Cudnn backend api for fused op


I'm trying to create a conv+bias fused operation based on cuDNN backend API.

But it throws an error, that is

fuseOpDemo.cpp(476): Error code: 9, reason: CUDNN_STATUS_NOT_SUPPORTED

I have tried single convolution op and single bias(pointwise add) op. Only convolution returns the correct result, while bias throws the same error.

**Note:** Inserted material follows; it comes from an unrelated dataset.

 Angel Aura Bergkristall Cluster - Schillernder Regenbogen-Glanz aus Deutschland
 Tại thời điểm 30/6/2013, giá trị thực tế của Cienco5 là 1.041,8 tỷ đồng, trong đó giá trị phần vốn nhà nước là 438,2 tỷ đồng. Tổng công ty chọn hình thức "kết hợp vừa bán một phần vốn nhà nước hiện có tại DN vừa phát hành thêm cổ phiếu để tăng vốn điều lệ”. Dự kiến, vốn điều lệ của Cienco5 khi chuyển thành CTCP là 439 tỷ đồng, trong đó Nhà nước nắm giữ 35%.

I have also tried [](https://cudnn frontend ).  It also throws some errors, the report is pitched below.


fuseOpDemo.cpp (18.5 KB)
log.txt (24.6 KB)

Hi wo5028928,

Thanks for your interest trying out cudnn fusion! There might be several issues here:

  1. Can you install cuda 11.2u1 or later, and make sure is visible in your LD_LIBRARY_PATH? Also make sure you use cudnn 8.1.1 or later compiled against cuda 11.2u1 or later.
  2. Since we generate fusion kernels targeting tensor cores, input/output conv channels need to be a multiple of 8 if you use fp16 tensors or multiple of 4 if you use fp32 tensors .
  3. I see in your example, you are using fp32 tensors, this is only supported on Ampere GPU currently (through TF32 tensor cores). These hardware units are not available on Turing GPUs.
  4. I see in your example, you are using NCHW layout (judging from the way you compute strides), however NHWC (i.e. channels last) layout is needed to utilize tensor cores.

If you make sure (1), you should be able to run the fusion samples without issue. For (2) - (4) you can follow the examples in the fusion sample.

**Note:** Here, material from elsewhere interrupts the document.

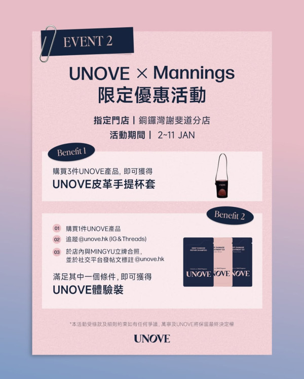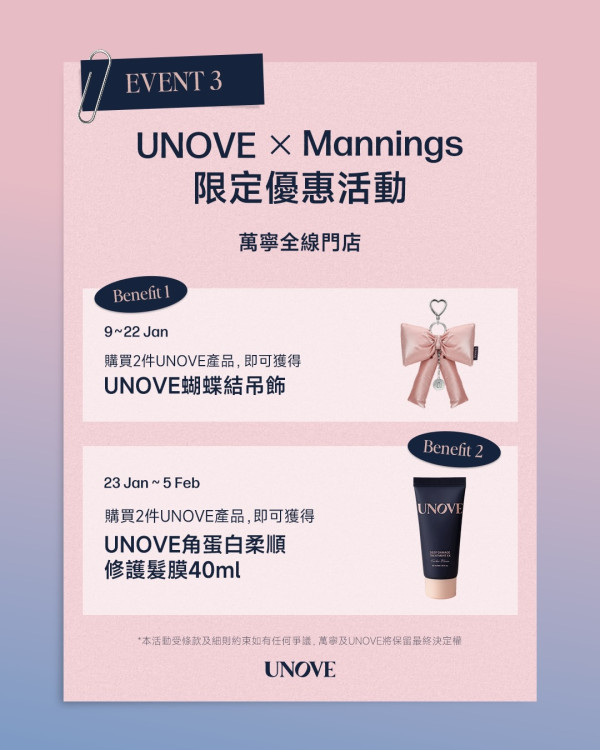 第二彈(23/1- 5/2):購買任何 2 件 UNOVE 產品,即送 UNOVE 角蛋白柔順修護髮膜 40ml。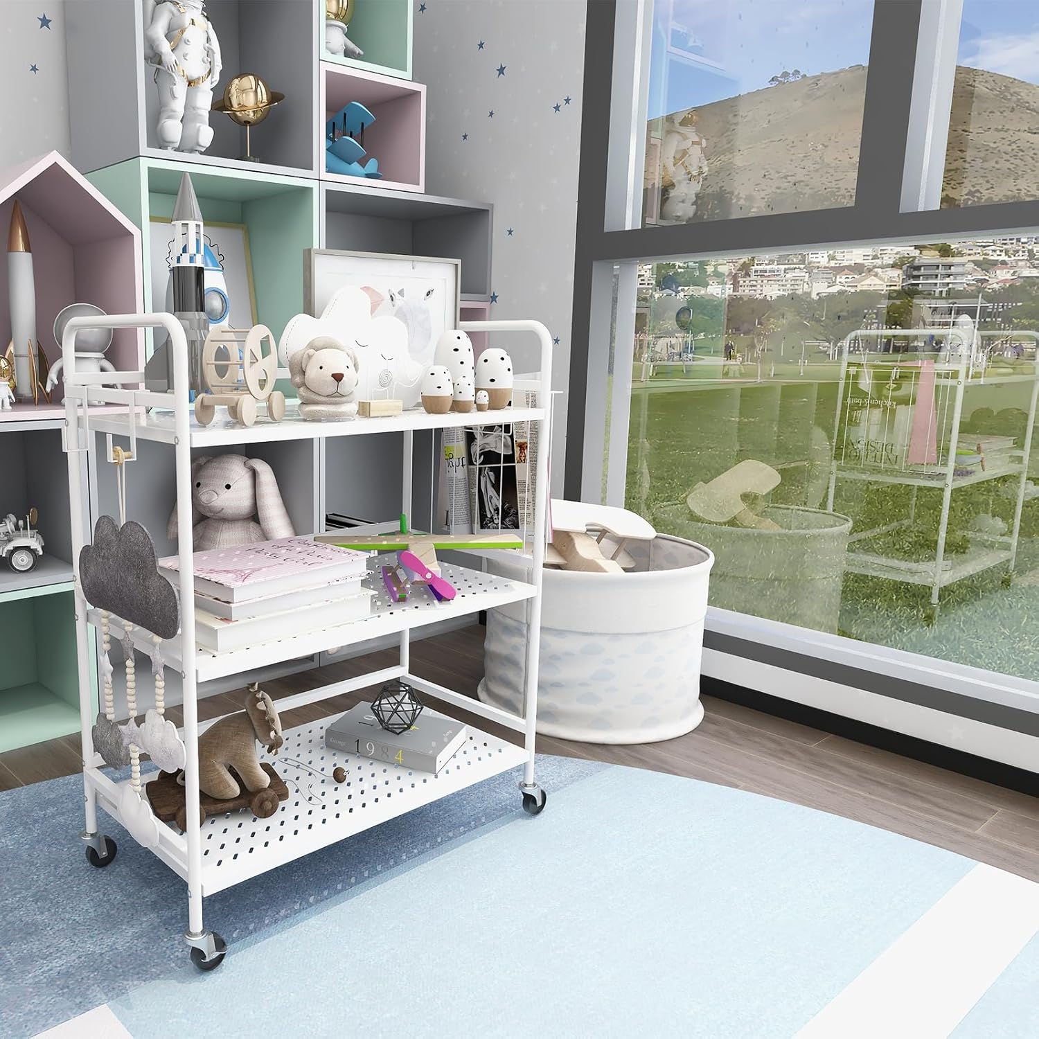 HDANI 3 Tier Metal Mesh Utility Cart,Large Capacity Multipurpose Heavy Vehicle,Rolling Trolley with to Hooks and One Basket(White)

Let us know how things go for you!


Thank you for your advice!

I have finished some tests, but it seems not good.

1.I’m using A100+CUDA11.2.2+CUDNN8.1.1 now, and LD_LIBRARY_PATH set.

2.cudnn_frontend tests are all passed. That’s great!

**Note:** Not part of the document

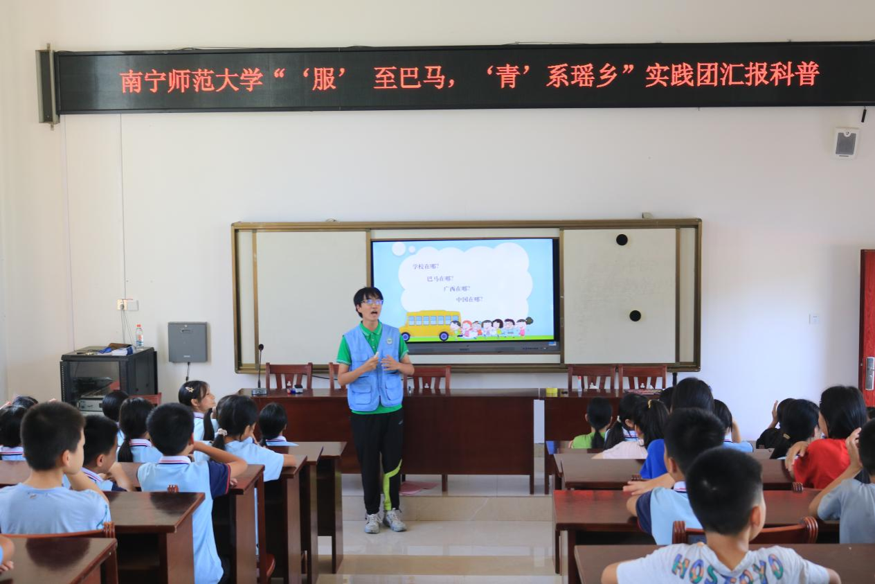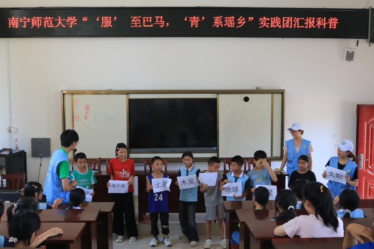 2024年7月8日,suncitygroup太阳成集团“‘服’至巴马,‘青’系瑶乡”社会实践团在巴马瑶族自治县燕洞镇中心小学成功举办了一场别开生面的天文科普宣讲活动,为乡村的孩子们搭建起了一座通往宇宙奥秘的桥梁。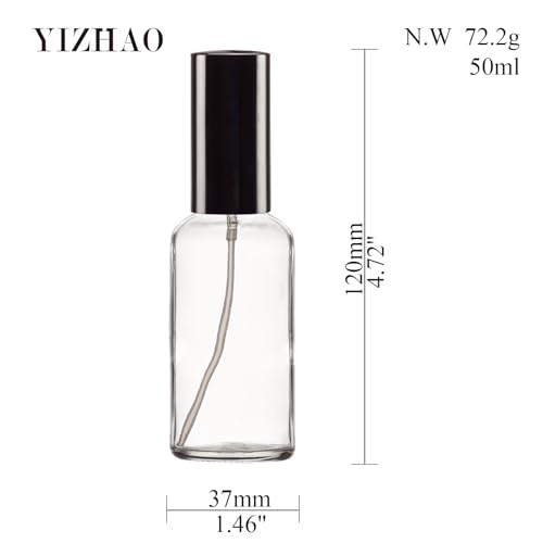 YIZHAO 50ml Clear Glass Spray Bottle for Essential Oils, Small Empty Fine Mist Spray Bottle, for Cleaning, Aromatherapy, Cosmetic Sprays, Hair –12 Pcs

3.I have modified the tensor format to NHWC, and the tensors’ shape is 1x8x8x8. But it failed at the same place with the same error code.

Could you please provide a demo based on backend API? I know it’s almost the same between frontend and backend. But I want to figure out why and how.

Thank you again!

Hi @wo5028928 , can you post your latest code and the API log?
(follow instructions here Developer Guide :: NVIDIA Deep Learning cuDNN Documentation )
We can take a look what change is needed to get it to run

Hi @yanxu

fuseOpDemo.cpp (14.6 KB)

Sorry, I forgot to upload it.